Going back to our reward-sharing scheme, we have established that non-myopic strategic thinking promotes decentralization; nevertheless, there is an important point still open. At a pivotal moment, when the non-myopic stakeholder Charlie rationally decides to forgo the option to join Alice’s saturated pool, he may have a number of aspiring pools to choose from. For instance, together with Bob’s pool that has operational costs of 30 and profit margin 4%, there could be a pool by Brenda with operational cost of 33 and profit margin 2%, and a pool by Ben with operational cost of 36 and profit margin 1%. The rational choice would be to go with the one that will reach the saturation point; is there a way to tell which one would be the best choice? In our full analysis paper we provide an explicit mechanism that orders the pools according to their desirability and, using the information recorded in the ledger about each stake pool, it can assist stakeholders in making the best possible choice at any given moment. In our example, it is Brenda’s pool that Charlie should join if he wants to maximize his rewards (see Table 1). To aid Cardano users, the pool-sorting mechanism will be built into Daedalus (and other Cardano-compatible wallets) and will provide a visual representation of the best choices available to stakeholders using the information in the ledger regarding pool registrations.
Experimental evaluation
So how does our reward scheme fare with respect to decentralization? In the full analysis paper we prove that there is a class of decentralized system configurations that are “non-myopic Nash equilibria.” An equilibrium strategy here means that stakeholders have a specific way to create pools, set their profit margins and/or delegate to other pools, so that no stakeholder, thinking for the long term, is better off following a different strategy. Moreover, we demonstrate experimentally that reactive play between stakeholders with non-myopic thinking converges to this equilibrium in a small number of iterations, as shown in Figure 2.

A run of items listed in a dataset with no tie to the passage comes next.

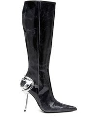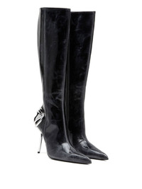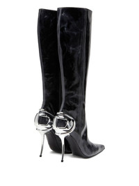 105mm D-Ten & Half knee-high boots Highlights - Black - Oval d logo plaque - Pointed toe - High stiletto heel Made in Italy Composition Outer: Bovine Leather (top grain) 95%, Thermoplastic 5% Lining: Calf Leather 100% Sole: Calf Leather 100% SIZE & FIT Measurement HEEL 4.13 in(10.5 cm)
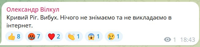 18.40 Сообщают о взрыве в Кривом Роге. В регионе объявлена тревога.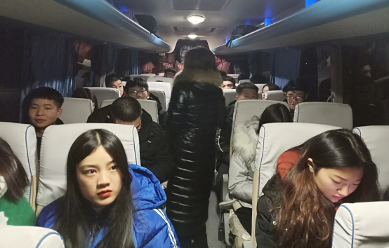 已经到了严冬,同学们有时披星戴月出发,有时会有长时间等待,但是这影响不了同学们的热情,早早的就等在学校门口,随时准备出发。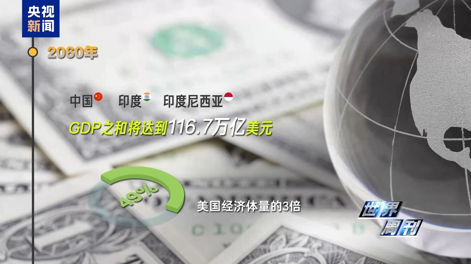 據經合組織預測,到2060年,中國、印度和印度尼西亞的GDP之和將達到116.7萬億美元,佔全球GDP總量的49%,是美國經濟體量的3倍。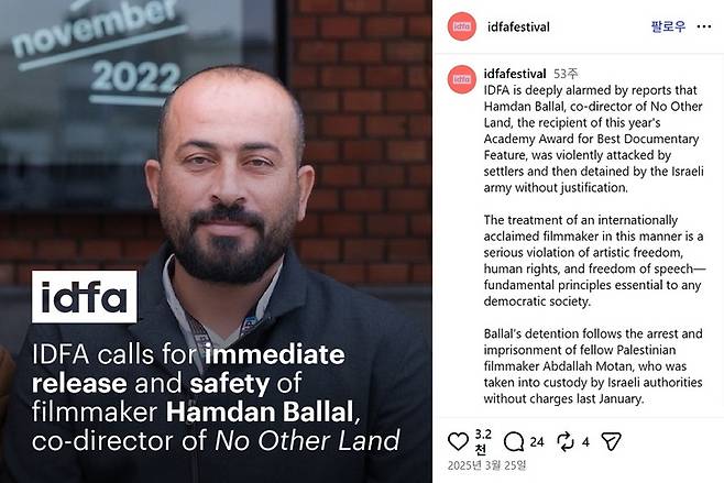 ▲ 2025년 3월, idfa(암스테르담 국제 다큐멘터리 영화제)에서 인스타그램에 업로드한 함단 발랄(Hamdan Ballal)의 석방을 촉구하는 이미지 게시물. |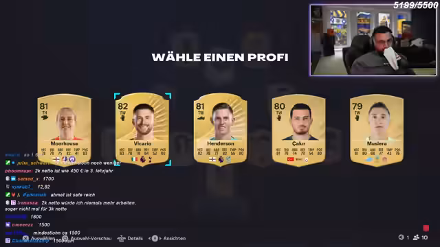 00:07:37Der Streamer plant Investitionen in FIFA, besonders im Hinblick auf die bevorstehenden Rivals-Belohnungen. Er diskutiert über den Transfermarkt und zeigt Interesse an bestimmten Spielern wie Mbappé. Es wird eine Wette mit einem anderen Streamer angesprochen, bei der es um den ersten Sieg in einem Draft-Spiel geht. Der Streamer äußert seine Unsicherheit über das eigene Team und die bevorstehenden Herausforderungen.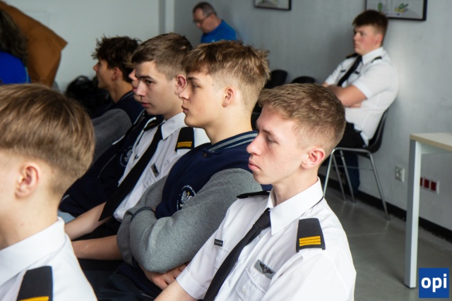 Maciej "Slab" Krakowian, pilot samolotu wielozadaniowego F-16, spotkał się w Starej Elektrowni z uczniami CSL Technikum Lotniczego.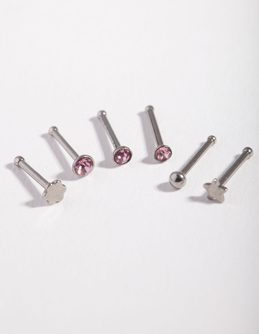 Mix up your look and show off the individual you are with Lovisa body jewellery! This pack includes six nose rings which are made from silver-toned surgical steel. They have a gauge of 16, and a length of 0.8mm. They have varying designs, including glittering pink diamantes and pretty star motifs.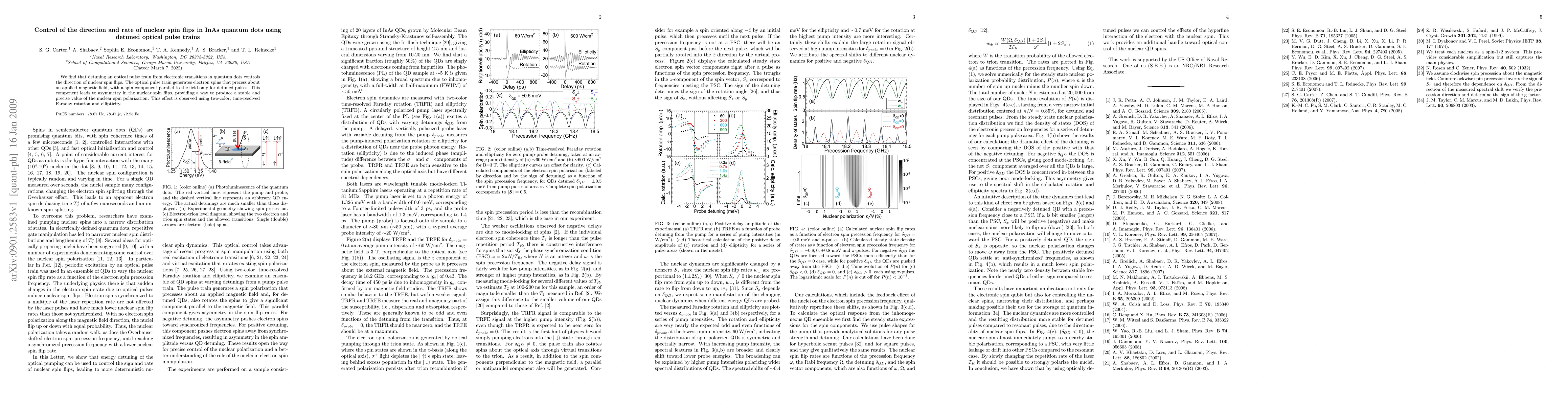 This paper demonstrates that detuning optical pulse trains from electronic transitions in InAs quantum dots can control nuclear spin flips, enabling precise nuclear spin polarization through a mechanism involving electron spin precession. The effect is confirmed using two-color, time-resolved Faraday rotation and ellipticity measurements.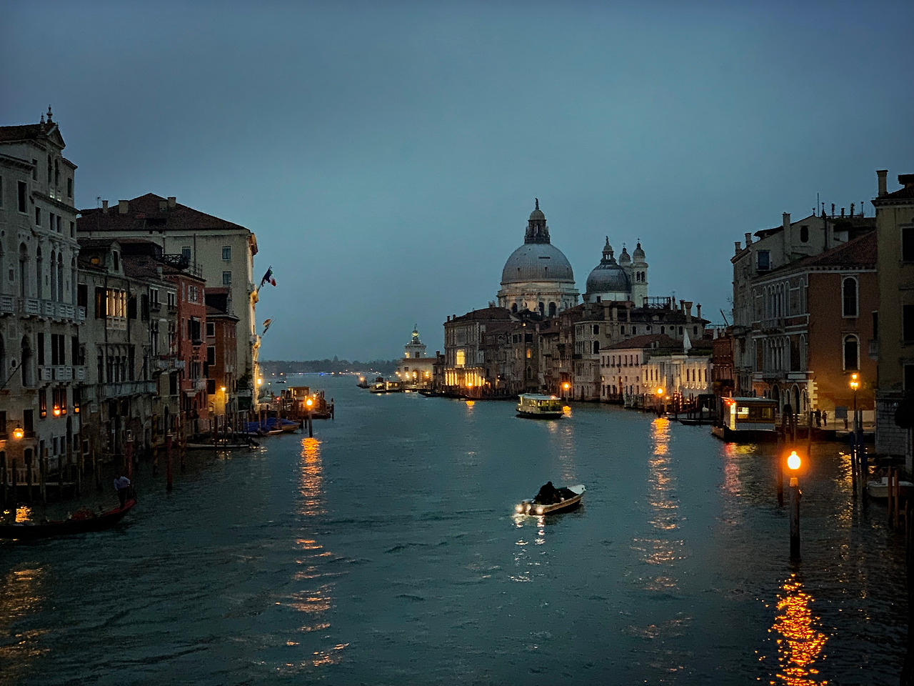 해가 뜨는 것도 순식간이지만 짙은색의 파란 하늘에서 보랏빛 검정 하늘로 바뀌는 것도 순식간이다. 불과 10분 사이에 베네치아의 모습은 이렇게 변해있었다.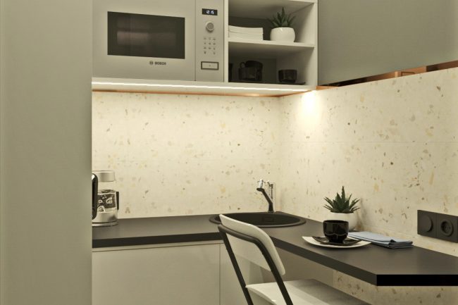 The floor is finished with terrace tiles in light gray, olive, and graphite colors. This color palette adds freshness and elegance to the space, creating smooth transitions between functional zones. The light gray color gives a sense of cleanliness and spaciousness, while olive and graphite accents highlight the modern and stylish look of the interior.

A characteristic of our approach is that the number of pools is only part of the description of the reward-sharing scheme and thus is in no way enforced by the system on the stakeholders. This means stakeholders are free to experiment with pool creation and delegation of stake without having to conform to any predetermined system architecture. This is in contrast to other approaches taken in PoS systems such as EOS where the number of participants is a hardcoded parameter of the consensus system (specifically, 21 pools). At the same time, our approach allows the whole stakeholder set to to express its will, by freely joining and leaving pools, receiving guaranteed rewards for their participation while witnessing how their actions have a quantifiable impact on the management of the PoS distributed ledger no matter the size of their stake. This is contrast to other approaches taken in PoS systems such as Ethereum 2.0 where ledger maintenance is performed by registered validators on the basis of a collateral deposit without a built-in process of vetting by the stakeholder set.
So what would be a sensible choice for the number of pools that should be favored by the reward scheme for Cardano? Given that decentralization is our main objective, it is sensible to set this parameter to be as high as possible. Our network experiments showed that the system can still operate effectively with as many as 1,000 running pools. Choosing a saturation threshold for our reward-sharing scheme based on this number will make having a stake pool profitable even if the total stake delegated in them is as little as 0.1% of the total circulation of Ada.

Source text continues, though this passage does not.